• ACTION ITEM: Output the line containing "Kahnuj | ||" and each line after it through the end of the data, exactly as written, with pictures left out.

• RECORDS TO USE:
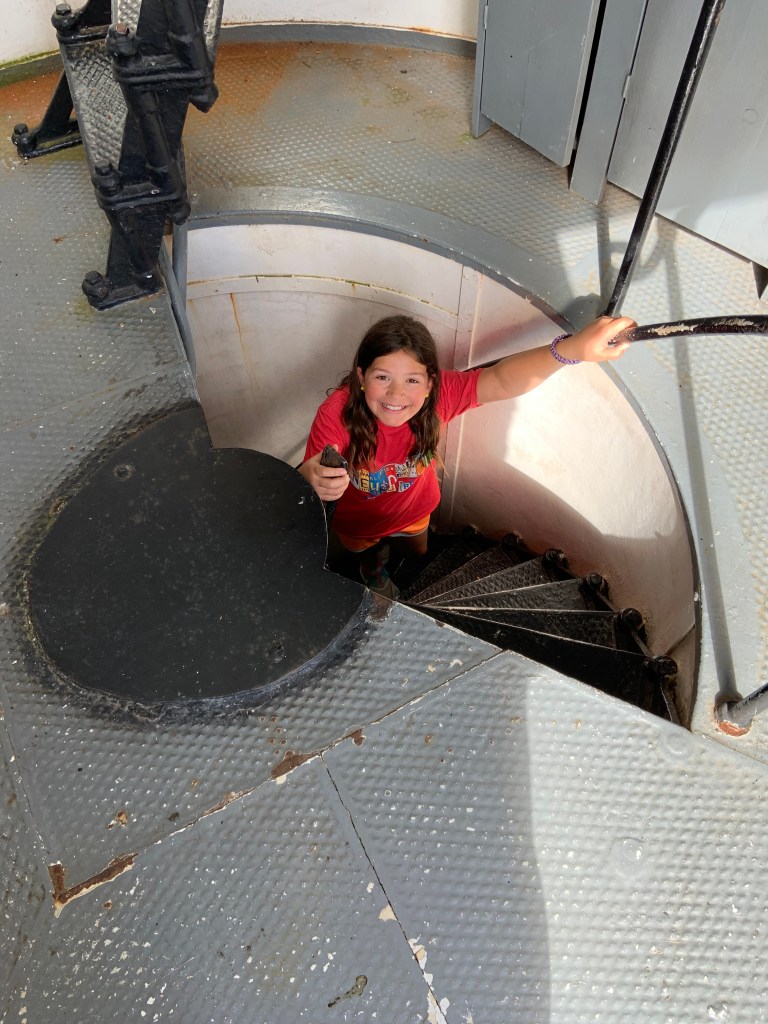 The lighthouse proved to be full of history. It was constructed in 1838 along St. Joseph Bay and is dubbed the ‘traveling lighthouse’ since it has been moved a few times. It was originally constructed because of the refuge the bay provided to mariners. The lighthouse was there through all the craziness and the demise of the town of St. Joseph and the establishment of Port St. Joe’s in the mid 1900s. The first keeper and his wife were there for almost 30 years. During WWII, ten guardsmen were stationed there. I’m not sure when, but the wooden stairs were replaced by an iron spiral set. Ben, Izzy and I climbed to the top and back down a few times taking in the views. (Izzy and I are practicing being twinsies too!) We also sang Judy, the volunteer on duty, a happy birthday since she was still working that day! Best part about a small town is that everyone has to help out. We took the keys from Judy and unlocked the lighthouse for her that day.
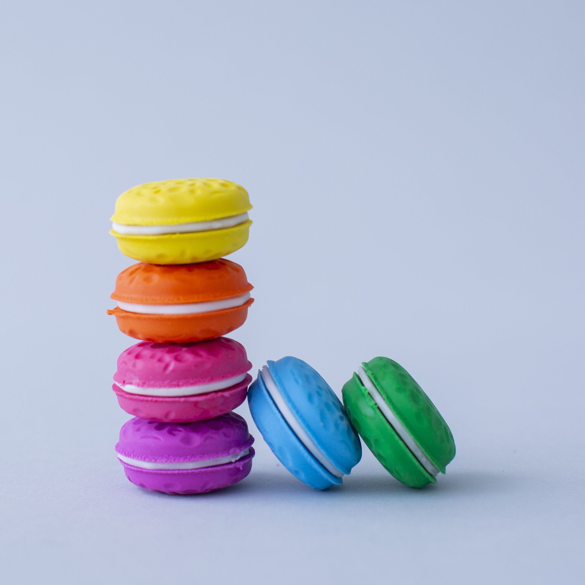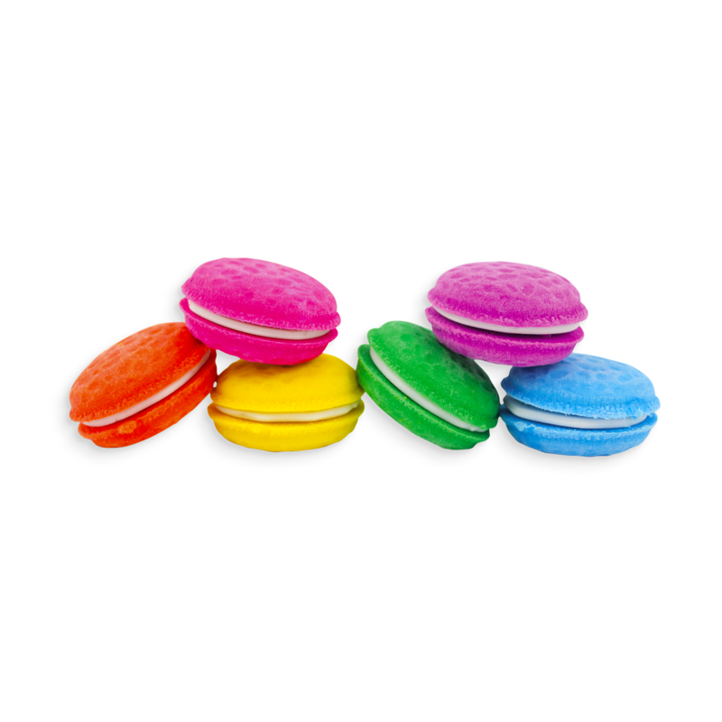 Gumeczki dla łakomczuchów. Pysznie wyglądające gumki, jakby prosto z francuskiej cukierni. Ten słodki zestaw gumek do ścierania zawiera 6 kolorowych makaroników o zapachu wanilii. A dla dodatkowej zabawy, gumeczki można rozłożyć, a ich kolorowe części można mieszać mieszać między sobą tworząc nowe różnokolorowe makaroniki. Słodkie Makaroniki Pachnące Gumki do Ścierania sprawią, że dzień w szkole, w domu lub w pracy będzie o wiele słodszy.
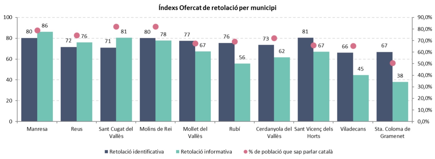 La presència del català en la retolació té una certa correlació amb la proporció de població que sap parlar català en cada població, tot i que hi ha diferències notables entre el percentatge de ciutadans que sap parlar la llengua a Rubí, Viladecans i Santa Coloma de Gramenet, que oscil·la entre el 50% i el 70% i el de retolació informativa, que està entre el 38% i el 56%.
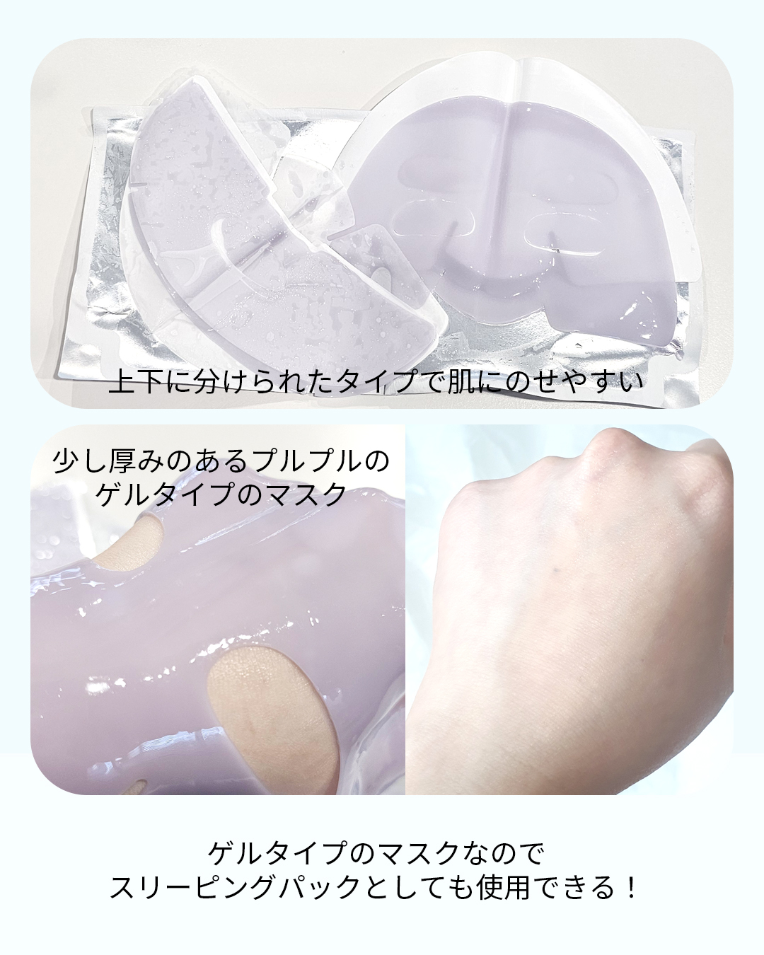 | ぷるんぷるんのゲルマスクで、上下が分かれているタイプ!貼りやすいし密着力も高いよ🤩 | 詳細を見る | |
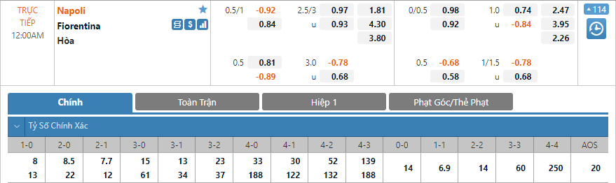 Ở bảng kèo tỷ số chính xác của trận đấu tỷ số hoà 1-1 đang có điểm ăn thấp nhất với 6.9 lần, tỷ số 2-1 tiếp theo với điểm ăn không quá chênh lệch là 7.7 lần, tỷ số 1-0 có điểm ăn là 8 lần. Với dự đoán Napoli có nhiều cơ hội chiến thắng nhưng sẽ là một chiến thắng vất vả thì lựa chọn tỷ số 1-0 hoặc 2-1 sẽ là một lựa chọn hợp lý.
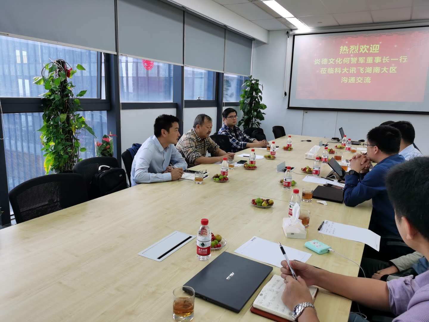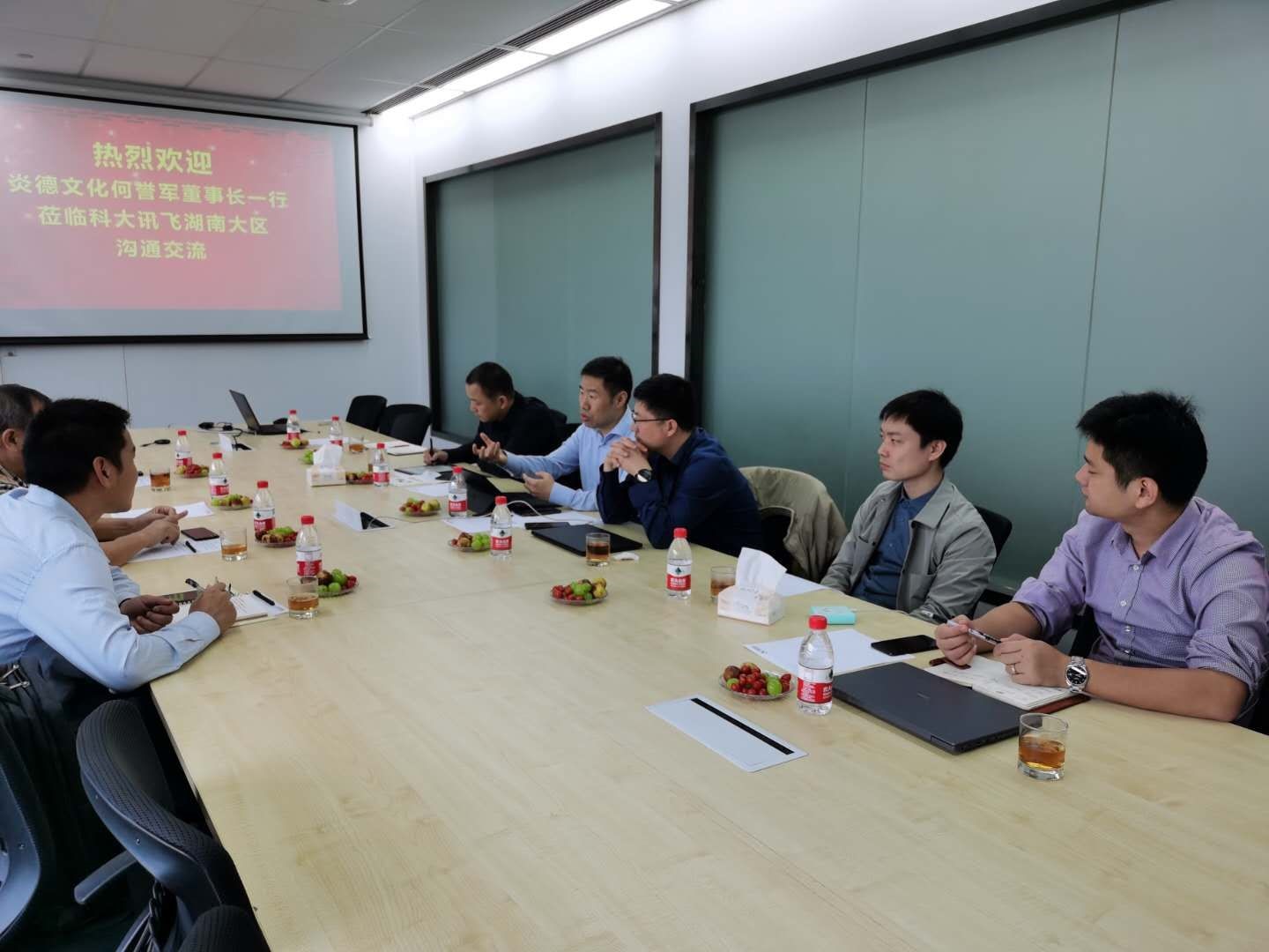 炎德文化何譽軍先生來到科大訊飛湖南分公司對雙方戰(zhàn)略合作一年來的工作和未來合作進行了深入交流
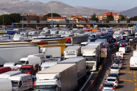 Σε εξέλιξη βρίσκεται η διαμαρτυρία οδηγών φορτηγών σε πολλές περιοχές της Ιταλίας. Μπλόκα έχουν στηθεί σε δρόμους της βορειοανατολικής Ιταλίας, ενώ την νύχτα απεργοί προσπάθησαν να εμποδίσουν την πρόσβαση στην κεντρική αγορά στην πόλη Τορίνο.
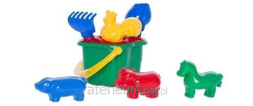 Zestaw zawiera wiaderko "Koniczynka" z sitkiem, łopatkę, grabki oraz 4 foremki w kształcie zwierzątek. Poszczególne elementy są małe i lekkie. Idealne do podróży
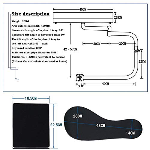- Características del producto Introducción: Capacidad de carga: 20 KG, Longitud de extensión del brazo: 400 MM, Ángulo de inclinación hacia adelante de la bandeja del teclado: 85 ° Ángulo de inclinación hacia atrás de la bandeja del teclado: 20 °, Inclinación de la bandeja del teclado Ángulo de izquierda a derecha: 45 ° cada uno, Rotación del teclado 360 ° Acero inoxidable Diámetro de la tubería: 25 mm, espesor: 1,6 mm equivalente a 5 veces la puerta antirrobo utilizada en hogares comunes.
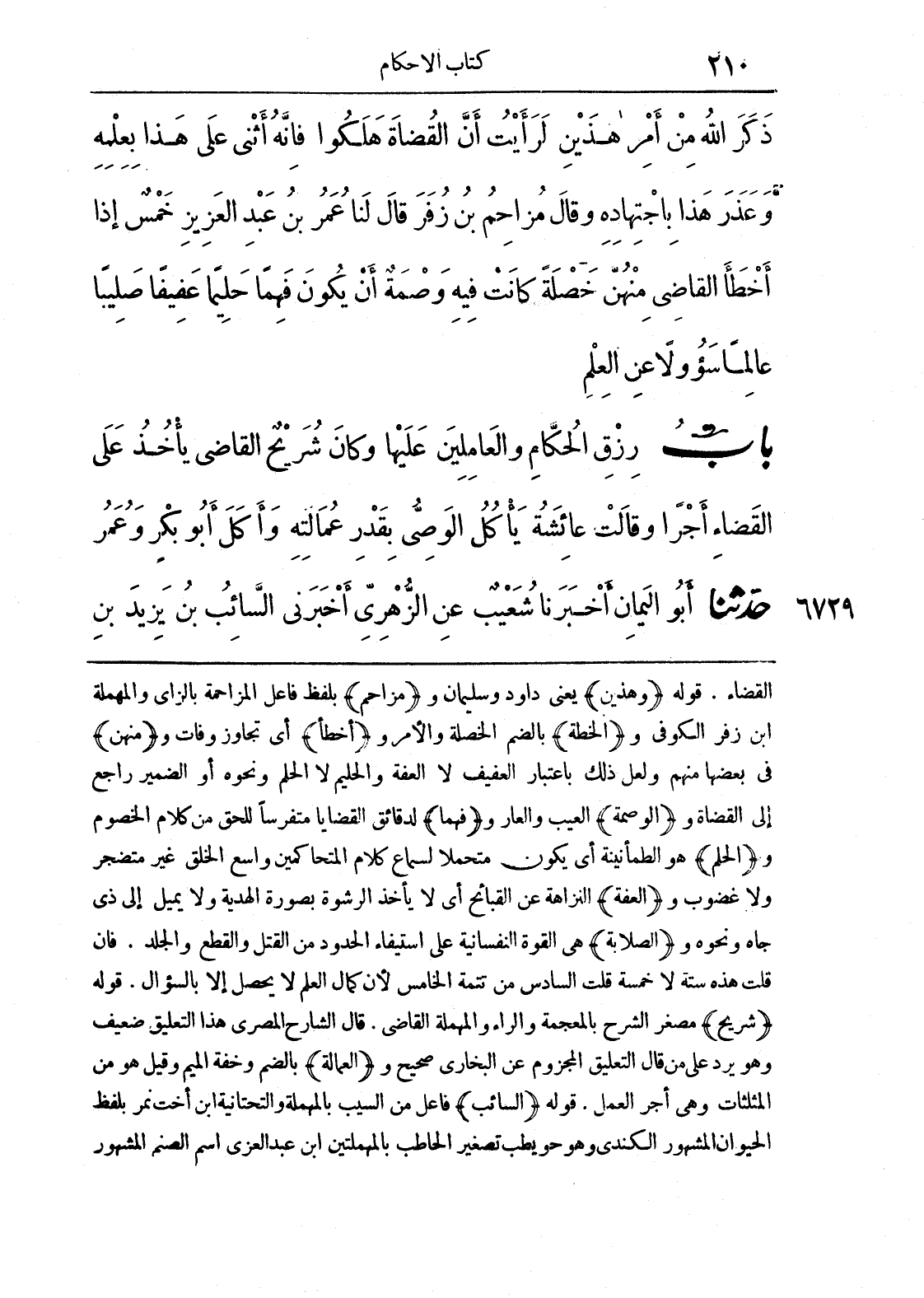 القضاء, قوله (وهذين) يعني داود وسليمان و (مزاحم) بلفظ فاعل المزاحمة بالزاي والمهملة ابن زفر الكوفي و (الخطة) بالضم الخصلة والأمر و (أخطأ) أي تجاوز وفات و (منهن) في بعضها منهم ولعل ذلك باعتبار العفيف لا العفة والحليم لا الحلم ونحوه أو الضمير راجع إلى القضاء و (الوصمة) العيب والعار و (فهما) لدقائق القضايا متفرسا للحق من كلام الخصوم و (الحلم) هو الطمأنينة أي يكون متحملا لسماع كلام المتحاكمين واسع الخلق غير متضجر ولا غضوب و (العفة) النزاهة عن القبائح أي لا يأخذ الرشوة بصورة الهدية ولا يميل إلى ذي جاه ونحوه و (الصلابة) هي القوة النفسانية على استيفاء الحدود من القتل والقطع والجلد, فان قلت هذه ستة لا خمسة قلت السادس من تتمة الخامس لأن كمال العلم لا يحصل إلا بالسؤال , قوله (شريح) مصغر الشرح بالمعجمة والراء والمهملة القاضي, قال الشارح المصري هذا التعليق ضعيف وهو يرد على من قال التعليق المجزوم عن البخاري و (العمالة) بالضم وخفة الميم وقيل هو من المثلثات وهي أجر العمل, قوله (السائب) فاعل من السيب بالمهملة والتحتانية ابن أخت نمر بلفظ الحيوان المشهور الكندي وهو حويطب تصغير الحاطب بالمهملتين ابن عبد العزي اسم الصنم المشهور
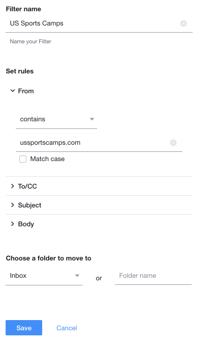 - - Create a name such as US Sports Camps in the Filter name field.
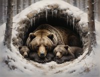 Берлогу ему помогала приготовить сама Матушка-Зима: она заботливо завесила вход хлопьями снега, будто пушистой шторкой, чтобы ни один шорох не потревожил спящего.
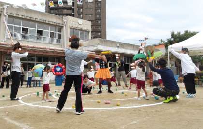 さくら組の親子競技は、サルチームとバナナチームに分かれての玉入れ対決。
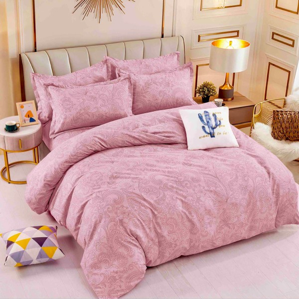 Lenjerie pat 1 PERSOANA, FINET, 4 piese, Jojo Home, Roz, model floral, cod produs: JOS177
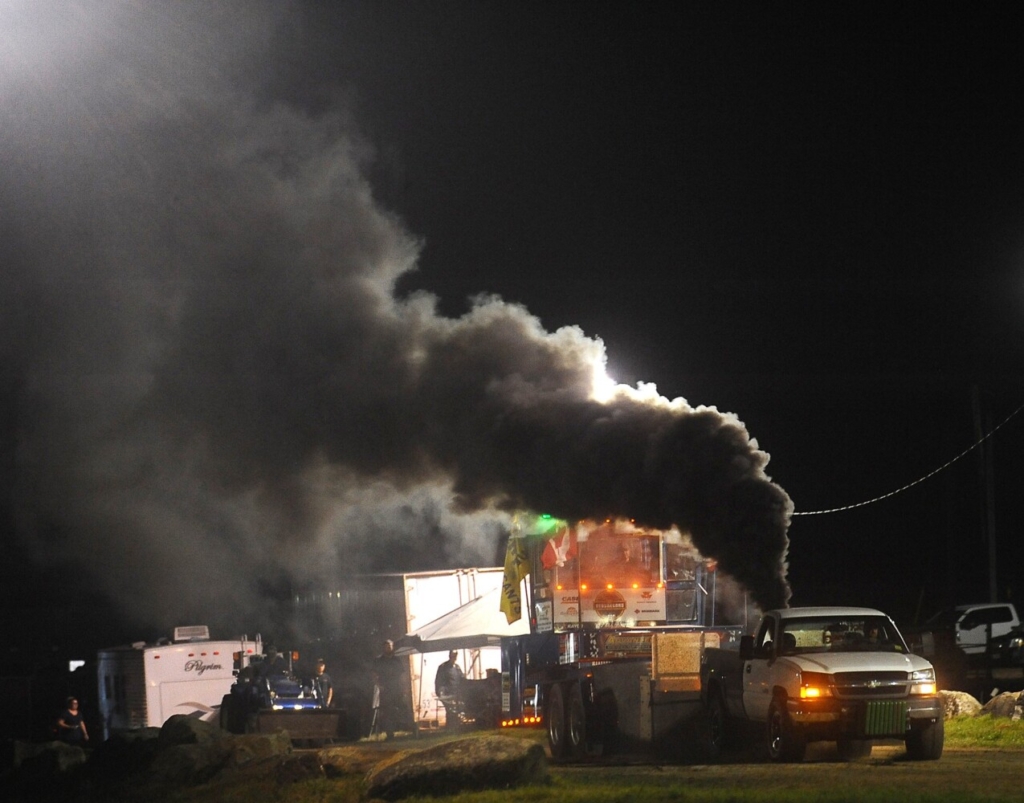 A cloud of exhaust smoke billows as a driver competes in the truck pull Thursday at Farmington Fair. Rich Abrahamson/Morning Sentinel
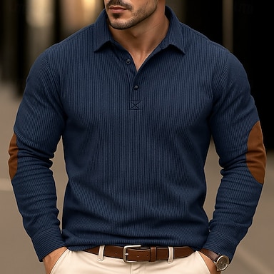Homens Camiseta de Veludo Textura Casual Esportes Lapela Manga Longa Moda Básico Bloco de cor Tecido Patchwork Botões Primavera Outono Outono & inverno Normal Cinzento Marron Azul Marinha Verde Tropa
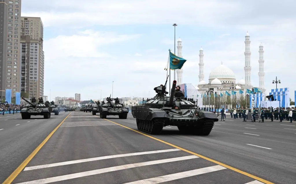 После исторической части по площади прошла современная бронетехника. Среди них — модернизированные танки Т-72 — основа бронетанковых подразделений казахстанской армии.
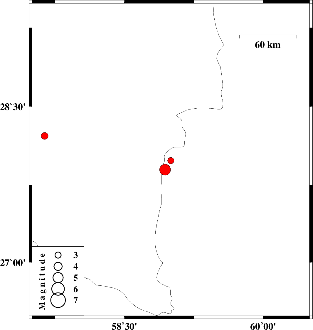 | 2025/08/07 | 05:51:34.8 | 09:21:34.8 | 27.981 | 59.001 | 12 | ML:3.1 | Sistan va Baloochestan Province, 128 km -East of Kahnuj | ||
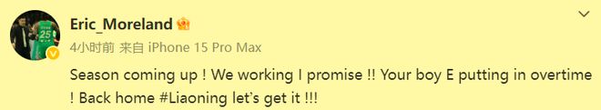 重新获得辽篮工作机会的莫兰德,很显然有些迫不及待,他自己宣布马上就会回来,和辽篮的队友们一起训练,还说还想帮助辽篮争冠。

• EXERCISE OUTPUT:
 | 2025/08/07 | 05:51:34.8 | 09:21:34.8 | 27.981 | 59.001 | 12 | ML:3.1 | Sistan va Baloochestan Province, 128 km -East of Kahnuj | ||
 重新获得辽篮工作机会的莫兰德,很显然有些迫不及待,他自己宣布马上就会回来,和辽篮的队友们一起训练,还说还想帮助辽篮争冠。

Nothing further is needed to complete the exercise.